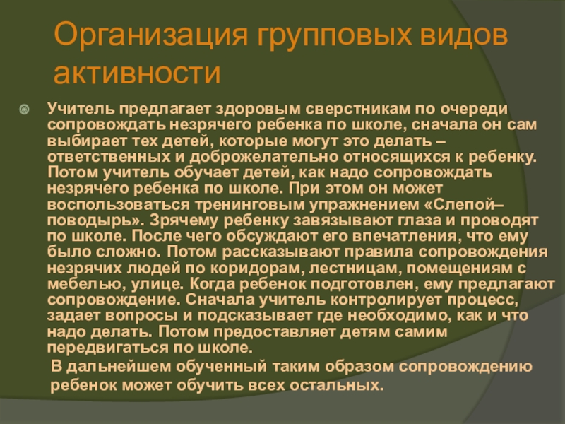 ребенка по школе, сначала он сам выбирает тех детей, которые могут это делать – ответственных и доброжелательно относящихся к ребенку. Потом учитель обучает детей, как надо сопровождать незрячего ребенка по школе. При этом он может воспользоваться тренинговым упражнением «Слепой–поводырь». Зрячему ребенку завязывают глаза и проводят по школе. После чего обсуждают его впечатления, что ему было сложно. Потом рассказывают правила сопровождения незрячих людей по коридорам, лестницам, помещениям с мебелью, улице. Когда ребенок подготовлен, ему предлагают сопровождение. Сначала учитель контролирует процесс, задает вопросы и подсказывает где необходимо, как и что надо делать. Потом предоставляет детям самим передвигаться по школе.
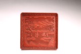 A CHINESE CINNABAR LACQUER CARVED 'LITERATI' DISH
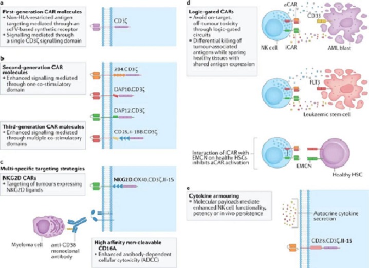 嵌合抗原受體(CAR)能修飾T細(xì)胞,搞出大獲成功的CAR-T療法,那也可以把NK細(xì)胞“CAR一下”,讓NK細(xì)胞能夠識(shí)別癌細(xì)胞表面抗原,而且與CAR有關(guān)的抗原非依賴性信號(hào)(tonic signaling),也可能更好地激活NK細(xì)胞的抗腫瘤活性。
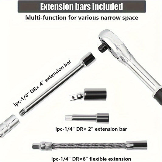 1set 1/4 New Upgrade Wrench Socket Set Hardware Car Boat Motorcycle Bicycle Repairing Tool
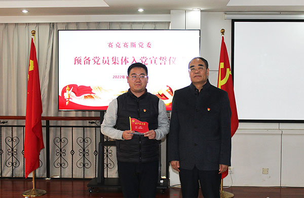 2022年11月(yue)16日(ri),賽(sai)(sai)克賽(sai)(sai)斯黨委(wei)在(zai)黨員活動室(shi)組織舉行(xing)了(le)莊嚴的預(yu)備(bei)黨員入(ru)黨宣誓儀式活動,新發展的預(yu)備(bei)黨員及部分老黨員參加了(le)此次活動。賽(sai)(sai)克賽(sai)(sai)斯黨委(wei)副(fu)書記張傳軍同志出席會議(yi)。
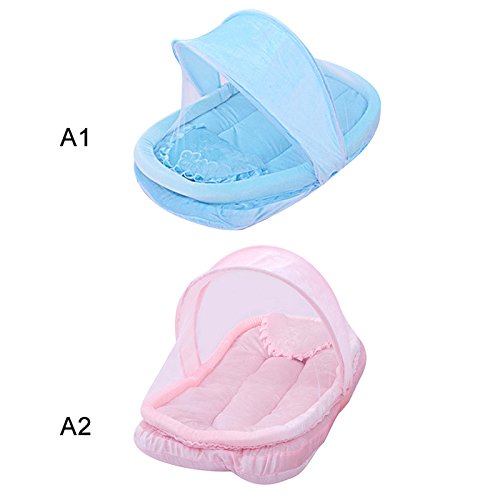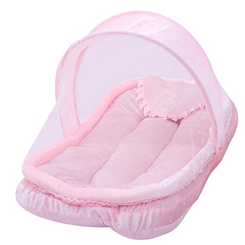 SUSUQI ベビー用蚊帳ベッド ベビー蚊帳折りたたみ式蚊帳 ワンタッチ キッズ ベビー ムカデや蚊対策 コンパクト収納便利 枕付き 通気性抜群 size 80*50*50cm (ピンク)
━━━━━━━━━━━━━━━━
Task brief: Only the lines from the one containing "嵌合抗原受體(CAR)能修飾" through the last line of the entries, both included, should be repeated exactly, and the pictures should be left out.

Response to this task:
 嵌合抗原受體(CAR)能修飾T細(xì)胞,搞出大獲成功的CAR-T療法,那也可以把NK細(xì)胞“CAR一下”,讓NK細(xì)胞能夠識(shí)別癌細(xì)胞表面抗原,而且與CAR有關(guān)的抗原非依賴性信號(hào)(tonic signaling),也可能更好地激活NK細(xì)胞的抗腫瘤活性。
 1set 1/4 New Upgrade Wrench Socket Set Hardware Car Boat Motorcycle Bicycle Repairing Tool
 2022年11月(yue)16日(ri),賽(sai)(sai)克賽(sai)(sai)斯黨委(wei)在(zai)黨員活動室(shi)組織舉行(xing)了(le)莊嚴的預(yu)備(bei)黨員入(ru)黨宣誓儀式活動,新發展的預(yu)備(bei)黨員及部分老黨員參加了(le)此次活動。賽(sai)(sai)克賽(sai)(sai)斯黨委(wei)副(fu)書記張傳軍同志出席會議(yi)。
 SUSUQI ベビー用蚊帳ベッド ベビー蚊帳折りたたみ式蚊帳 ワンタッチ キッズ ベビー ムカデや蚊対策 コンパクト収納便利 枕付き 通気性抜群 size 80*50*50cm (ピンク)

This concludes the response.